Jeffrey T. Hinson, age 52, has served as a director of Windstream since July 2006 and served as a director of Alltel Holding Corp. from June 2006 to July 2006. Mr. Hinson also serves as a member of the Audit Committee and the Governance Committee. Mr. Hinson is a financial consultant. Mr. Hinson served as a consultant to Univision Communications Inc., a Spanish language media company in the United States from July 2005 to December 2005. Mr. Hinson served as Executive Vice President and Chief Financial Officer of Univision Communications from March 2004 to June 2005. He served as Senior Vice President and Chief Financial Officer of Univision Radio, the radio division of Univision Communications, from September 2003 to March 2004. From 1997 to 2003, Mr. Hinson served as Senior Vice President and Chief Financial Officer of Hispanic Broadcasting Corporation, which was acquired by Univision Communications in 2003 and became the radio division of Univision Communications. Mr. Hinson is a director and Chairman of the Audit Committee of LiveNation and a director and a member of the Audit Committee of TiVo, Inc.

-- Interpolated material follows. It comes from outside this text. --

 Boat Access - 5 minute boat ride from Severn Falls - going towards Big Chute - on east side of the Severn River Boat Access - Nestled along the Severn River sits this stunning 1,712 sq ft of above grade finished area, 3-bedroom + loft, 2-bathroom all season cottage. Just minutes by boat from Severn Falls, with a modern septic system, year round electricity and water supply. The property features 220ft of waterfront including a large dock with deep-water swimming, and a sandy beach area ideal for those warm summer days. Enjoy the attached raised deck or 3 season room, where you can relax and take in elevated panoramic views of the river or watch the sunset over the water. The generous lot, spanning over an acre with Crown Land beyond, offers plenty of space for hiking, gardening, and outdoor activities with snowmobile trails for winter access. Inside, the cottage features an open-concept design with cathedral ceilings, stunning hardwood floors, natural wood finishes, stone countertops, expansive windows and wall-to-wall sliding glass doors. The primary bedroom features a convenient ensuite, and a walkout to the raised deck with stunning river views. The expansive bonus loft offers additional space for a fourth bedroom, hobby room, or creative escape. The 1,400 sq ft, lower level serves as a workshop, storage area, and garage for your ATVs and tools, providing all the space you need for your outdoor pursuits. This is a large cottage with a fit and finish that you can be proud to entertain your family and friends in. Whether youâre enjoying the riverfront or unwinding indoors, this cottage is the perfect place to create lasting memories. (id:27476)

Judy K. Jones, age 63, has served as a director of Windstream since July 2006 and served as a director of Alltel Holding Corp. from June 2006 to July 2006. Ms. Jones also serves as a member of the Audit Committee. She currently provides strategic and organizational planning services for public sector organizations in New Mexico. Ms. Jones served as the Associate Vice President for Strategic Initiatives for the University of New Mexico Health Sciences Center from April 2004 to February 2006. She was Vice President for Advancement of the University of New Mexico from January 1998 to April 2004 and Chief of Staff to the President of the University from April 1988 to January 1998. She is currently a member of the board of directors of Lovelace Respiratory Research Institute.

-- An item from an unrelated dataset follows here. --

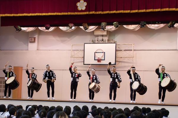 取材を行ったのは、浅草にある田原小学校での演奏の様子。この時点で3つの小学校・幼稚園を回ってきたということで、鼓童のメンバーは緊張感もありつつリラックスした状態だ。「鼓童の皆さんです!」と紹介がされると、集まった児童は割れんばかりの拍手で出迎える。鼓童メンバーも笑顔でステージに上がり、太鼓が中心の迫力ある演奏を披露した。曲終わりのMCでは、「新潟県の佐渡島から来ました」という挨拶に大きな歓声が。児童からの質問も飛び交い、わきあいあいとした雰囲気の中で2曲目がスタート。笛の美しいメロディに太鼓の勇ましいリズムが加わり、目にも耳にも楽しい演奏が繰り広げられた。
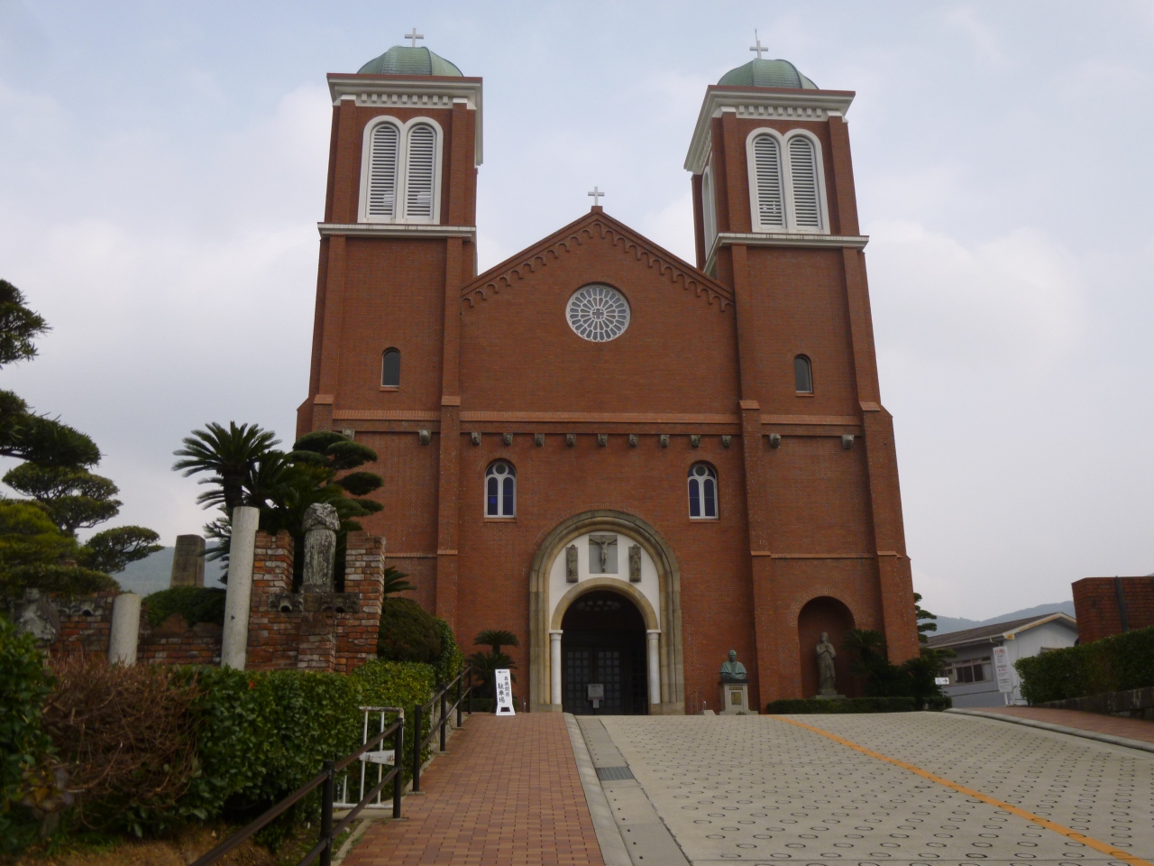 キリスト教弾圧に耐え続け、明治維新後、浦上の信者達が建てた天主堂です。30年もの長き歳月をかけて造られたのですが、1945年の原爆で壊され、再建されました。大浦天主堂と違うのは、赤レンガで築かれたので、赤みのレンガ色で、教会内正面と側面のステンドグラスはブルー系で厳かな静かな祈りの場所でした。内に係員の方が居ました。内部撮影禁止です。

William A. Montgomery, age 58, has served as a director of Windstream since July 2006 and served as a director of Alltel Holding Corp. from June 2006 to July 2006. Mr. Montgomery serves as Chairman of the Compensation Committee and is a member of the Governance Committee. Mr. Montgomery has been a private investor since 1999. From 1989 to 1999, Mr. Montgomery was Chief Executive Officer of SA-SO Company, a company engaged in the distribution of municipal and traffic control products based in Dallas, Texas. Prior to 1989, Mr. Montgomery worked as a registered representative in the financial services industry, most recently serving with Morgan Stanley in the Private Client Services group from 1985 to 1989.

Frank E. Reed, age 72, has served as a director of Windstream since July 2006 and served as a director of Alltel Holding Corp. from June 2006 to July 2006. Mr. Reed also serves as Chairman of the Audit Committee. Mr. Reed is retired and previously served as President and Chief Executive Officer of Philadelphia National Bank from 1990 to 1995. Mr. Reed served as a director of Alltel from 1998 to 2005, where he served as Chairman of the Audit Committee from 1999 to 2005. He is also a director and a member of the Audit Committee of Harleysville Group, Inc.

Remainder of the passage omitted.